Recollections of Phaedrus's pursuit of admission to the University of Chicago, and the complicated department politics, follow. Here the narrator introduces the terms logos and mythos. Throughout the book, the narrator has dominantly referenced philosophers who trace many of their ideas back to these ancient Greek concepts. Logos—logic—is the predecessor of much of the philosophy Pirsig cites in the book. The contrast, mythos, is the collective body of tales, stories, and hero songs. Phaedrus, ultimately, came to believe that the definition of one who rejects mythos is "insane."

The narrator goes on to recall how Phaedrus was admitted, taught at another university, and studied the classics, including Aristotle.

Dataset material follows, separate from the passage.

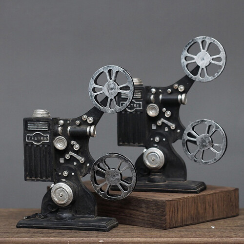 以放映机造型设计,别致典雅,营造复古历史岁月感。搭配优质树脂材质,结实牢固,让您的装饰摆件经久耐用。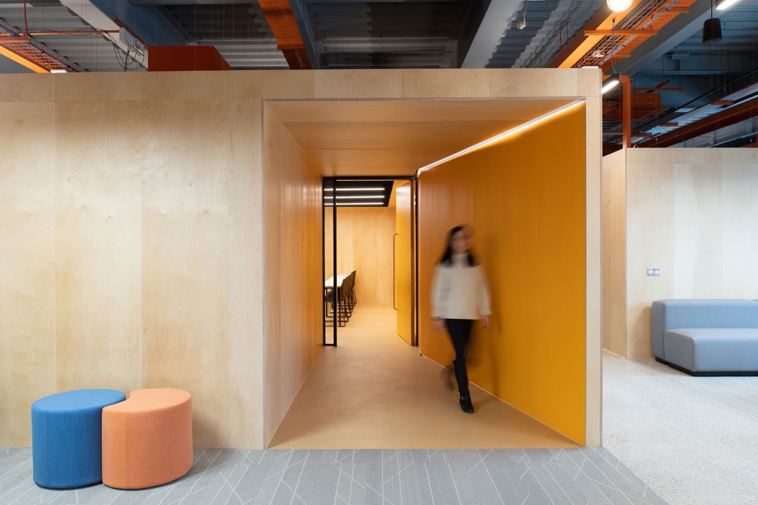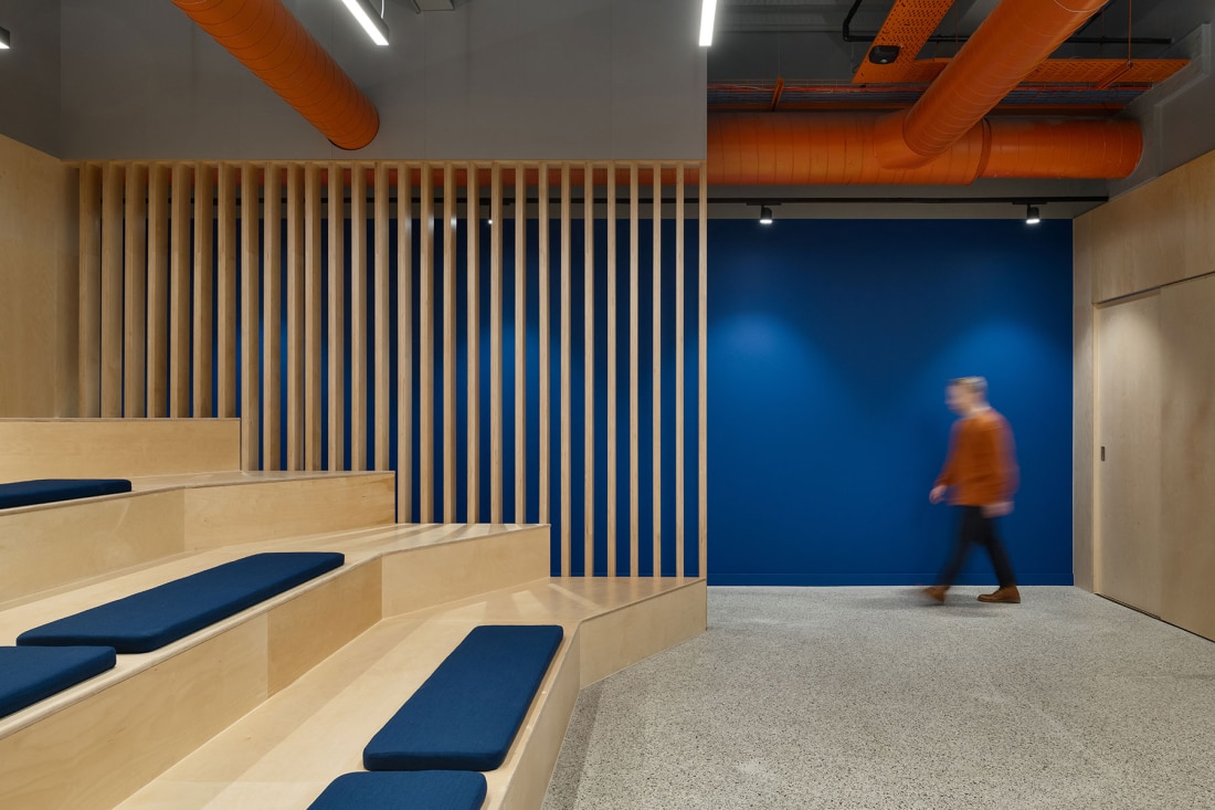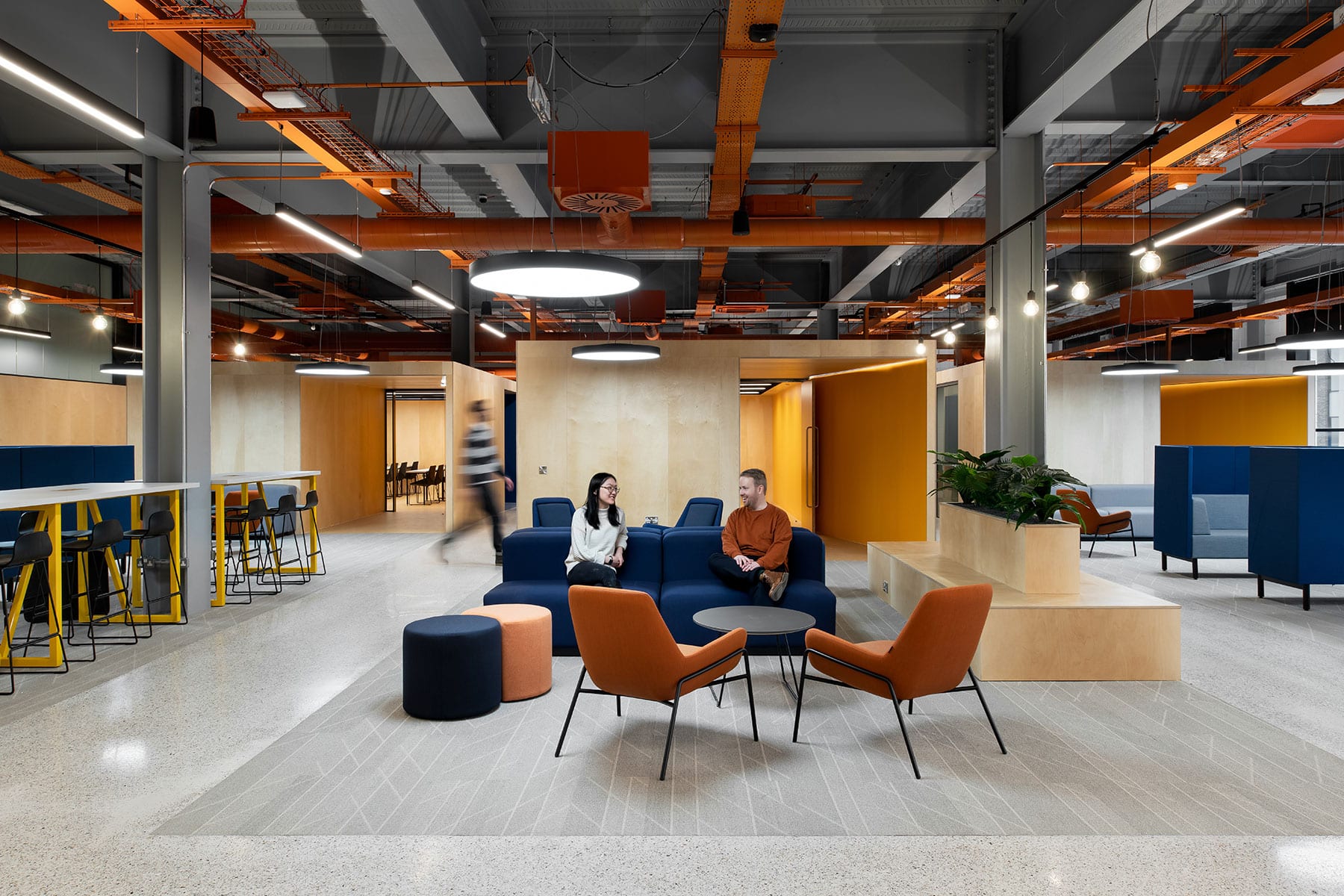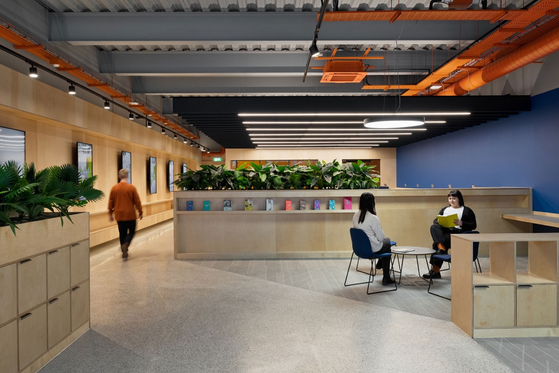 Using a mixture of digital screens, wayfinding and infographics the space will be both stimulating and visually engaging. Painted soffit, structure and services with contrasting lighting bring character and colour, whilst wall graphics provide an interior identity to the space. Joinery and furniture complete the vision, offering collaborative and private settings whilst providing a vibrant studying environment. The Welcome Area hosts informal soft lounge seating for students divided by joinery units displaying information about the university as well as providing advice and information as required.

Chris asks his father why they are making this journey, and the narrator admits he owes Chris explanations and answers.

Analysis

This chapter lacks an overt Chautauqua; instead, it is a reminiscence about who he, the narrator, was when he was Phaedrus. Interwoven with flashbacks is the literal journey and Chris's question about why they are making this trip.

In the context of the discussion of logos and mythos, the narrator leaps forward to suggest people do not create religion. Instead "men are invented by religion." Further, he deduces that "Quality is the generator of mythos" and "the mythos is insane."

In an apparent breakthrough, these conclusions are all "from him"—not Phaedrus. The dream of Phaedrus returning is followed by the continued memories of Phaedrus's past and his thoughts. The narrator and Phaedrus have reestablished connection.